Students furious after reported attack at CASE
TIFFANY PRYCE
STAR Writer
Students of the College of Agriculture, Science and Education (CASE) protested for hours today after a rape allegedly occurred on the Portland campus on Sunday.
The school's administration is under fire after years of what students call empty promises to get stronger security. According to one of the protesters, a first-year student reportedly exited a taxi on Sunday night, and was walking towards the administrative office when she was accosted and raped. The administration, in a statement, said it is cooperating fully with an ongoing police investigation.
The e-mail which was sent to students was repeatedly read aloud during the protest, saying CASE has "reinforced security protocols" following the incident. But for many students, the statement echoed past assurances that never translated into real security.

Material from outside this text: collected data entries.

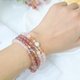隔珠採切割面月光石、金太陽石、夢幻紫水晶、貝殼珠、18K包金隔珠點綴。可繞4圈在手上,採用日本彈性線製作。
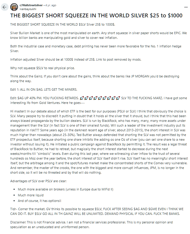 A random user named jjalaj30 posts on Wall Street Bets a post that would soon go viral. This user credits the idea to squeeze $SLV to GV or Gold Ventures.
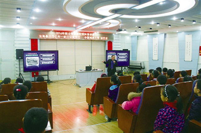 本报讯(通讯员 陈华 记者 陈映琦)11月9日,中国地质大学图书馆馆长徐世球到中华路小学为青少年做作科普报告:沧海桑田四亿年--武汉环境变迁。
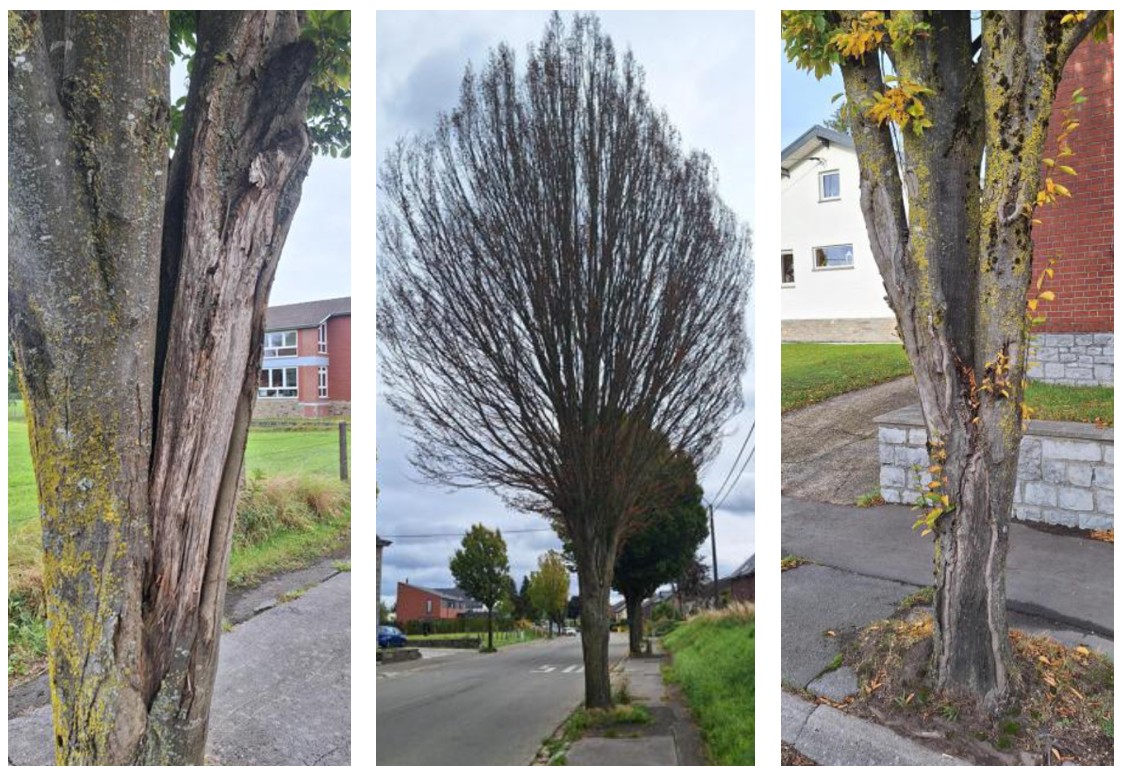 - Faulstellen mit der Gefahr des Auseinanderbrechens des Baumes
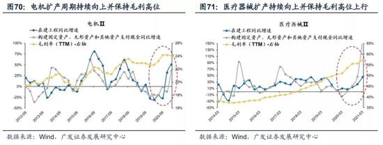 2. 出口商品的国际竞争优势决定了疫后出口份额的新均衡。从“出口链”的扩产趋势下寻找毛利高位或继续提升的行业,意味着供需两旺、且行业在全球商品中保持良好的竞争优势,有望巩固份额。需求拉动扩产的同时保持较高的毛利率是竞争优势的体现,代表行业如元件、电子制造、电机、通用机械、医疗器械等设备制造行业。
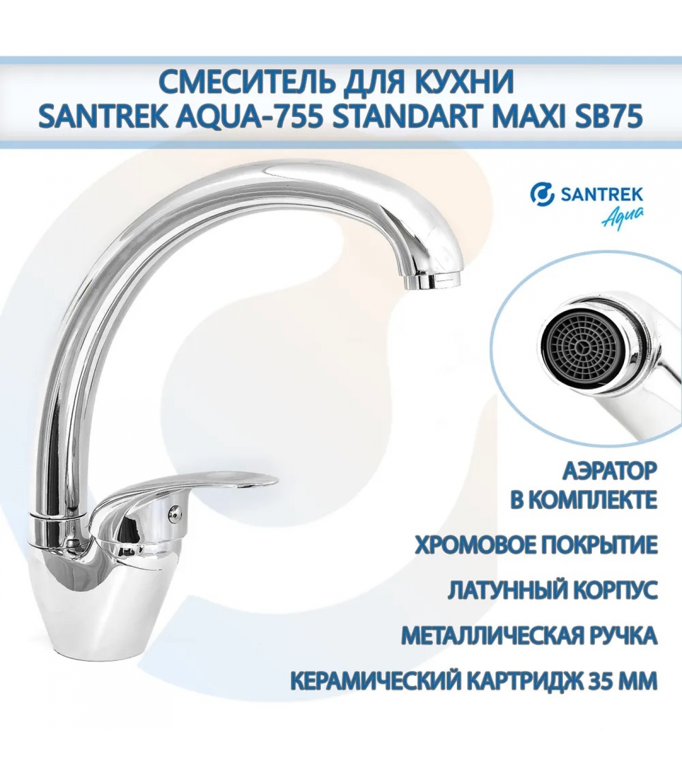 Смеситель Кухня SANTREK AQUA-755 "STANDART" MAXI шар. d-35 SB75
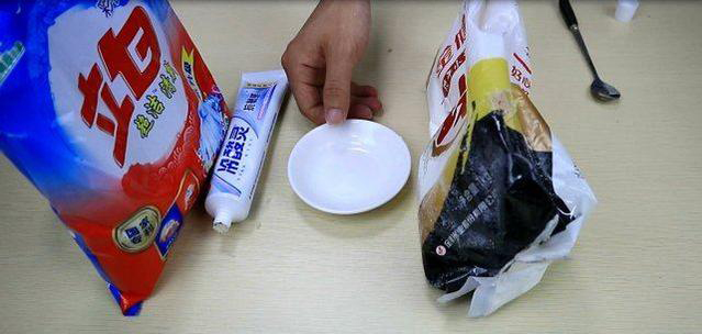 我們先準(zhǔn)備個(gè)容器,擠入牙膏,然后再加入洗衣粉,再加入點(diǎn)面粉,稍微滴幾滴清水用勺子攪拌均勻,然后均勻的涂抹在鞋子開裂斷根的地方,然后再曬兩三天就可以了,
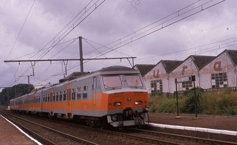 Vierledig motorstel 828 (reeks 08) staat aan het perron in station Ruisbroek. Op het perron staat een stationsnaambord. Het motorstel heeft nog zijn originele oranje-grijze livrei.

"No security no farm, no security no farm!" students chanted as the email was read.
"One security cyaa work for a population of over 1,000 students. How that work?" one student told THE STAR.
Students made repeated reference to a March 2022 attack, when a female student was abducted around 5 a.m. while heading to farm practice and dragged to bushes near an abandoned railway tunnel before being assaulted.

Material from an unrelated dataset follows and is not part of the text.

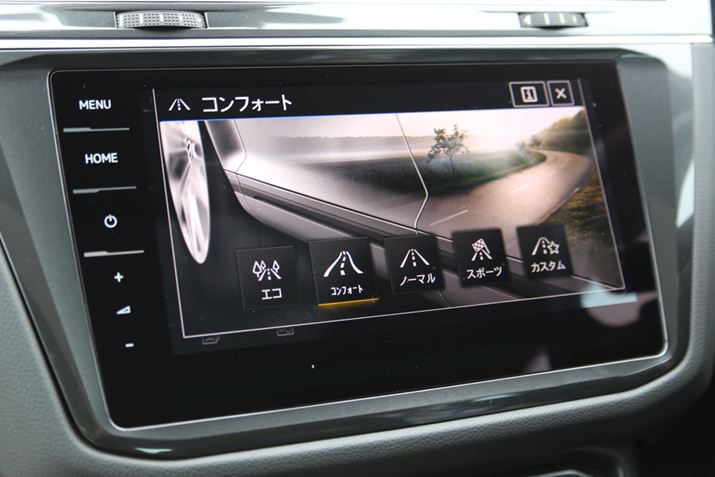 近年、アンダーパワーやエンジンの特性を隠すために、アクセルの踏みはじめを過敏にして、そういったことを感じさせないセッティングをされたクルマを見かけるが、ティグアンに関しては決してそういうことはなく、非常に素直なアクセルレスポンスを備えており、好感が持てた。
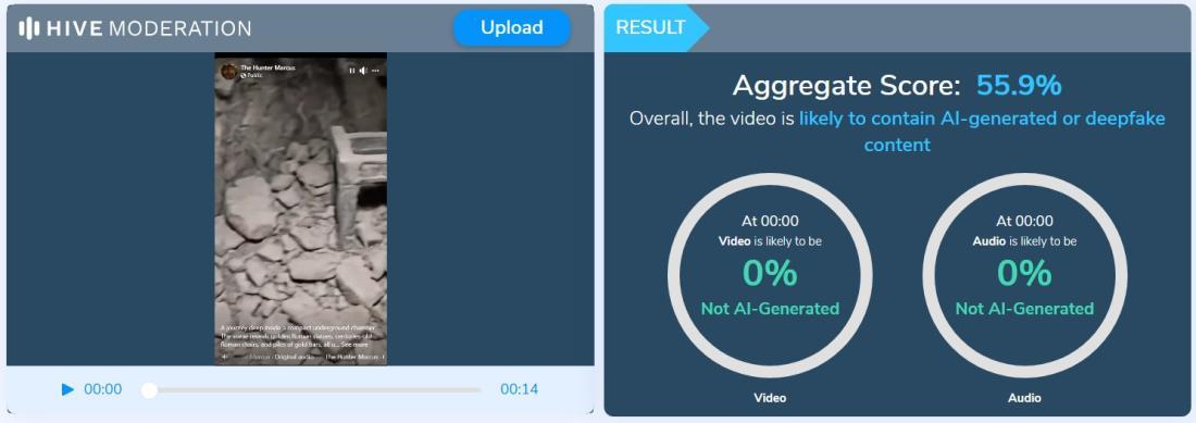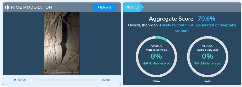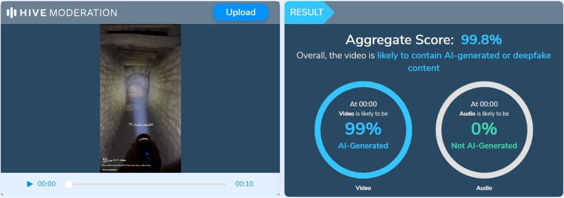 Hive Moderation's AI video detector has flagged all three clips as likely to contain AI-generated content.

"None a we nuh safe as students. It coulda be any one a we, and fi see say it happen in the wide open, somewhere weh security shoulda deh you know it serious," another student said.
CASE President Derrick Deslandes, in a Gleaner article, promised beefed-up security including extra patrols, CCTV and even a shuttle service, but many students say they never saw the changes on the ground.
"Every time a dat dem say! Dem not even come out come talk to we from we out here whole morning. We nuh see the president, a the media mek we know bout this. It's after word got out them send email," another student said.
"If something can happen in broad daylight, a wah chance we have at night?" one student asked, while calling for leadership accountability.
Students vowed to escalate their demands for concrete security improvements, insisting that emails and words are no longer enough.